Nice Problem. Taught me the concept of bitset.
Still wondering, how come i have not learnt bitset earlier. 
1 Like
i am writing the code in brute force first but it is giving wrong answer .can anyone point out the mistake ?thanks. i tried too many times 
#include<bits/stdc++.h>
using namespace std;
using lli=long long int;
#define maxn 1E5+42
int main()
{
lli t,w,h,n,m,ans,input;
// cout<<“t:\n”;
cin>>t;
while(t–)
{
ans=0;
// cout<<“w,h,n,m:\n”;
cin>>w>>h>>n>>m;
vector horizontal(maxn) ;vector vertical(maxn);
// cout<<"vertical:\n";
for(int i=0;i<n;i++)
{
cin>>input;
vertical[input]=true;
}
// cout<<"horizontal:\n";
for(int i=0;i<m;i++)
{
cin>>input;
horizontal[input]=true;
}
vector<bool> verdiff(maxn);
for(int i=0;i<=w;i++)
{
if(vertical[i])
{
for(int j=i+1;j<=w;j++)
{
if(vertical[j])
verdiff[abs(i-j)]=true;
}
}
}
vector<bool> hordiff(maxn);
for(int i=0;i<=h;i++)
{
if(horizontal[i])
{
for(int j=i+1;j<=h;j++)
{
if(horizontal[j])
hordiff[abs(i-j)]=true;
}
}
}
for(int k=0;k<=h;k++)
{
vector<bool> newhordiff(maxn);
for(int i=0;i<=h;i++)
{
if(horizontal[i])
newhordiff[abs(i-k)]=true;
}
lli nsq=0;
for(int i=0;i<=h;i++)
{
if(verdiff[i]&&(hordiff[i]||newhordiff[i]))
{
nsq++;
}
}
ans=max(ans,nsq);
}
cout<<ans<<endl;
}
return 0;
}
@spaanse can you please check this code and tell what am i doing wrong ,i m stuck on this for almost 2 days,i m first trying to do the brute force approach but it is showing wrong ans and tle even for sub-task.
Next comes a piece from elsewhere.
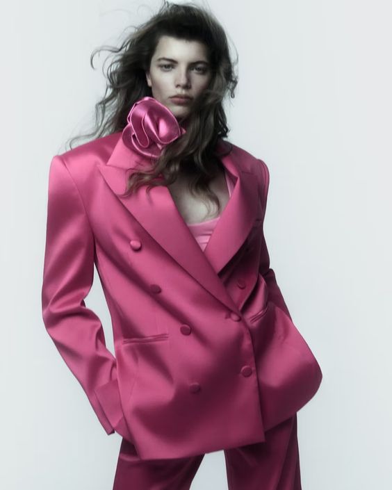 Projektantka wplata w sylwetki detale, które przywodzą na myśl estetykę y2k. Są to między innymi duże okulary przeciwsłoneczne, biżuteria z kryształków i takież same zdobienia pojawiające się na przykład na torebkach w rozmiarze mikro, spodnie rurki czy wreszcie intensywny róż, niezwykle popularny 20 lat temu, obecnie powracający za sprawą nurtu barbiecore.

following is the link to the problem.
There is only one testcase, so you shouldn’t read in t. This means that your program keeps waiting for input when all input was already given, leading to TLE.
Testcases are weak!
See this solution : Solution: 48845901 | CodeChef
This should fail for this testcase :
7 12 2 4
0 4
4 11 10 12
Correct answer should be 1 not 2
Also, see this solution : Solution: 51720646 | CodeChef
This sol should fail for this testcase :
1 12 2 1
0 1
6
Correct answer should be 1 not 0.